[DIRECTIONS]
All lines from the one that contains "Художественная гимнастика —" to the end of the data must be retyped exactly. Pictures are not retyped.

[DATA PROVIDED]
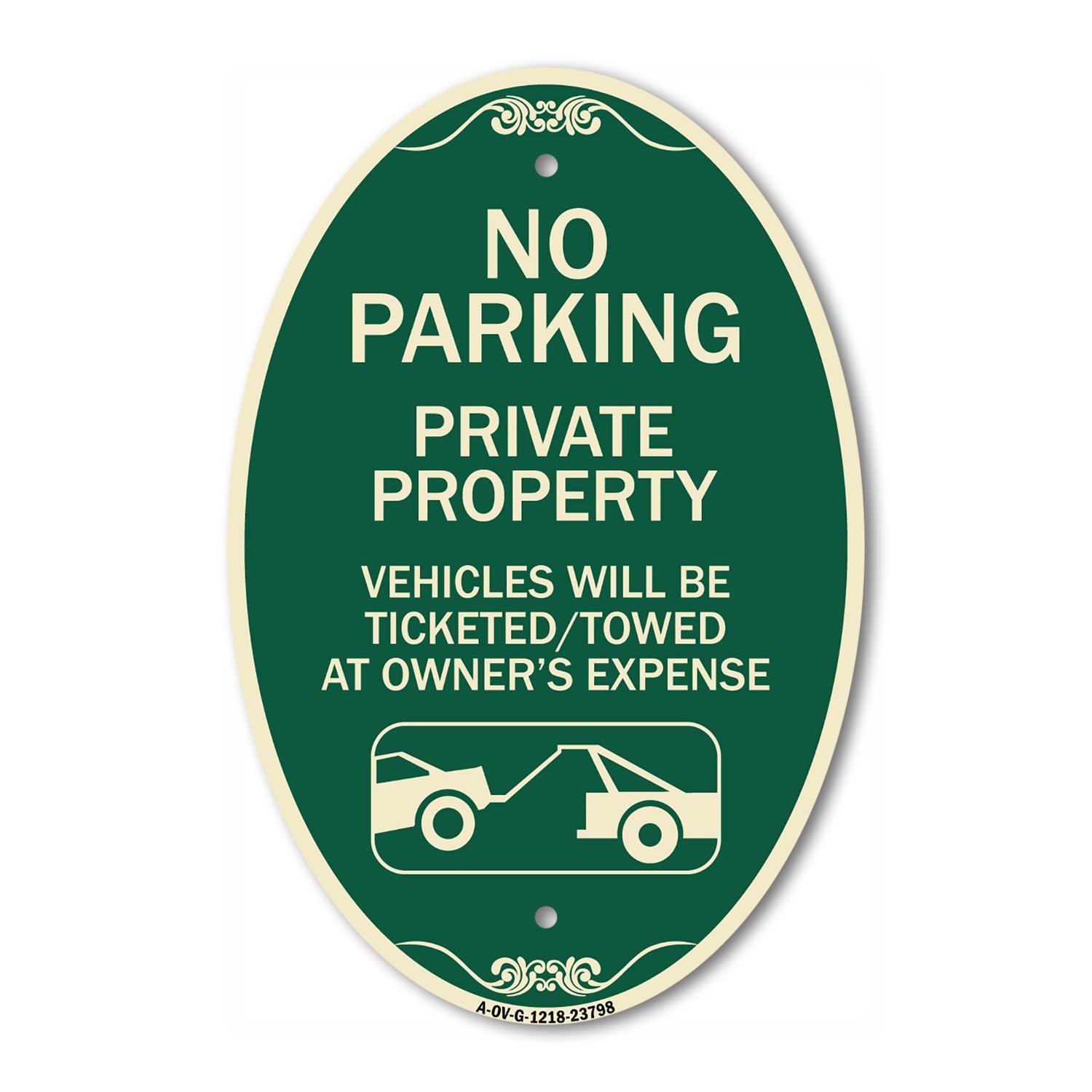 No Parking - Private Property Vehicles Will Be Ticketed Towed at Owner's Expense (With Car Tow Graphic) - 12" X 18" Oval is backordered and will ship as soon as it is back in stock.
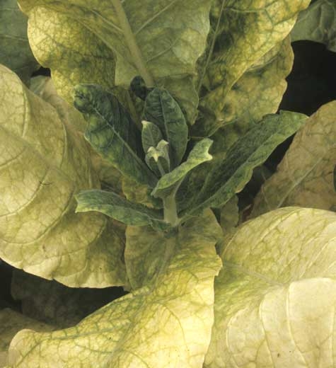 The disease starts as a leaf yellowing, which is first interveinal, occuring most frequently on older leaves or middle leaves and gradually covers the whole plant (figures 1-3). In dark tobacco leaves, veinal and interveinal necrosis occasionally accompany a slight chlorosis of the lamina (figure 4); the observed syndroma may be confused with that caused by certain necrotic strains of potato virus Y (PVY), see the fact sheet.
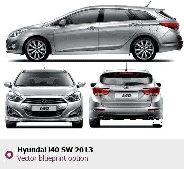 Raster blueprint of the 2013 Hyundai i40 SW Tag. This free downloadable image can be used for graphic projects, digital design, and 3D modeling. The file provides accurate exterior proportions of the vehicle. Model year: 2013. Body type: Tag.
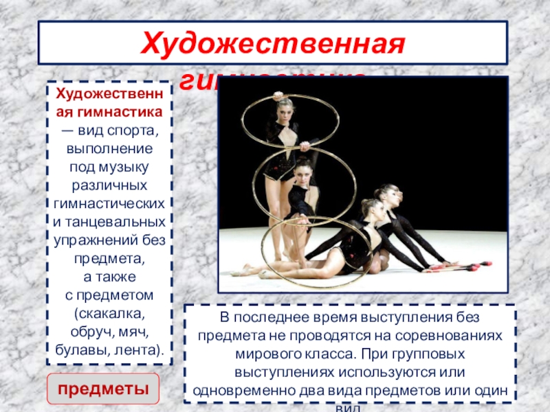 Художественная гимнастика — вид спорта, выполнение под музыку различных гимнастических
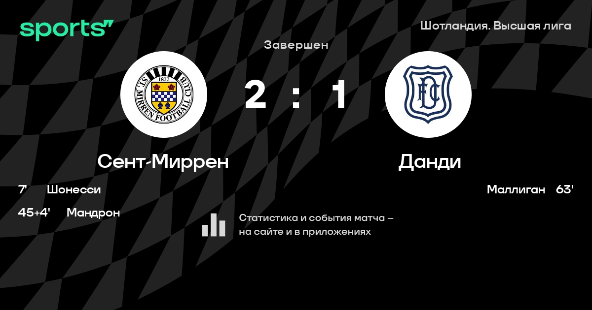 Сент-Миррен – Данди: Сент-Миррен побеждает в 3 последних очных матчах

[SOLUTION FOR THIS PROBLEM]
 Художественная гимнастика — вид спорта, выполнение под музыку различных гимнастических
 Сент-Миррен – Данди: Сент-Миррен побеждает в 3 последних очных матчах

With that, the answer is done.